Царь поглядел па Распятье, мерцающее над золотым огнём лампадки. И снова он услышал отзвук покойного отца: «Когда тебе не хочется делать что-то хорошее, доброе людям, – подумай о том, что Христос не гнушался даже ноги мыть своим ученикам!.. В каждом человеке – царь небесный. Понтий Пилат когда-то не помиловал – и не стало Христа!»
Отойдя от окна, царь подёргал шёлковый шнурок.
Вошёл Терентий. Заспанный, помятый. Пушинка из подушки застряла в волосах.
Скажи, пускай в подвал, в темницу подадут корыто с водою. Скажи, приду сейчас. – Царь помедлил. – И ещё скажи, пусть приготовят для того разбойника чистую рубаху… Ну что ты раззевался? Рот порвешь!..
Простите, Ваша Светлость. Времени-то скоко… Работаешь, работаешь не подкладая рук… Что там ещё сказать прикажете?
Царь неожиданно вспылил:
Ничего! Иди, спи! Раззевался тут… Раззява!
Терёшка в ухе пальцем покопался.
То есть, как это прикажете понять? Не ходить в подвал, в темницу?

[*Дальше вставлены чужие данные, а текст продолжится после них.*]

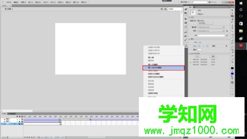 6、在時間軸上選擇一幀,這里我選的是50幀,右鍵,點擊“插入關鍵幀”;

Нет, я же сказал… – Царь отвернулся. – Исчезни с глаз долой!
Слуга улетучился – легкий, бесшумный, как тень. Тихохонько прикрывши дверь, он постоял за порогом, плечами пожал и зевнул. Вернулся к себе и прилёг на топчан, ладошки сделал «лодочкой» – под голову подсунул, блаженно жмурясь. А через минуту бедный слуга едва не рухнул на пол – царь снова дернул шёлковый шнурок, привязанный к колокольчику.
На этот раз Терентий вбежал в опочивальню, как на пожар.
Чего изволите?
Ты на какой подушке спишь?
Терентий растерянно хмыкнул, подумав: «Тут, пожалуй, поспишь!»
– Как «на какой»?.. На мягкой. Не камень же под голову толкать.
Царь помолчал, наблюдая, как слуга царапает висок. Пушинка от подушки, заблудившаяся в волосах, упала под ноги Терешки; он заметил, угрюмо поднял, покатал между пальцами, соображая, что ничего срочного не предвидится. Можно, стало быть, расслабиться, зевнуть.
– Принеси-ка мне подушку из заячьей шерсти! – приказал государь.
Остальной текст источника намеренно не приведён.